Visiting Scholar/DAAD WISE Awardee at TU Dresden, Germany

May 2016 - July 2016

Joint project between Computer Vision Lab and Computer Graphics Lab, TU Dresden. Project involved visualization of Convolutional Neural Networks (CNNs) at a layer-level by particle rendering and developing a gradient-based importance measure for each filter in a CNN.

Research Intern at IISc Bangalore

May 2015 - July 2015

Project involved implementation of various learning algorithms using Theano in Python.Also, entropy-based calculations using information encoded in model weights were carried out.

Skills

Programming languages:

C, C++, CUDA, Python, Java, Assembly (ARM)

Software Packages:

MATLAB, Multisim, Electric VLSI, Spice, R, Minitab

Deep Learning Frameworks :

Tensorflow , Theano , Caffe, Chainer, PyTorch

Projects

Using Label Word Embeddings in Image Classification

Machine Learning and Data Mining Course

Project on using label semantics for Image Classification to train models robust to adversarial examples. Rather than using cross-entropy loss, loss function using word embedding-based representation of labels was devised with significant results on Fashion MNIST and CIFAR-10 datasets using shallow networks.

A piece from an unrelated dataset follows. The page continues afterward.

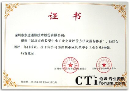 CTI論壇(ctiforum)4月6日消息(記者 潘婷婷):由深圳市政府大力支持,深圳市科工貿(mào)信委、深圳市中小企業(yè)服務(wù)中心,深圳市統(tǒng)計(jì)局,深圳大學(xué)管理學(xué)院聯(lián)合組織評(píng)測(cè)的“深圳市成長型中小工業(yè)企業(yè)500強(qiáng)”,于3月31日被正式認(rèn)定,深圳市東進(jìn)通訊技術(shù)股份有限公司榮列其中。今后,作為深圳市中小企業(yè)成長工程的重點(diǎn)培育對(duì)象,東進(jìn)技術(shù)將獲得政府公共資源的傾斜扶持,促進(jìn)加快發(fā)展,形成“示范效應(yīng)”。

Multithreading vs Python GIL: A study

Parallel Computer Architecture and Programming

Project involved studying the effects of the Python Global Interpreter Lock on libraries commonly used for machine learning (NumPy and Scikit-learn) by profiling for concurrency, locks, hotspots of time etc. An adaptive way to set GIL check interval was introduced as a result of profiling.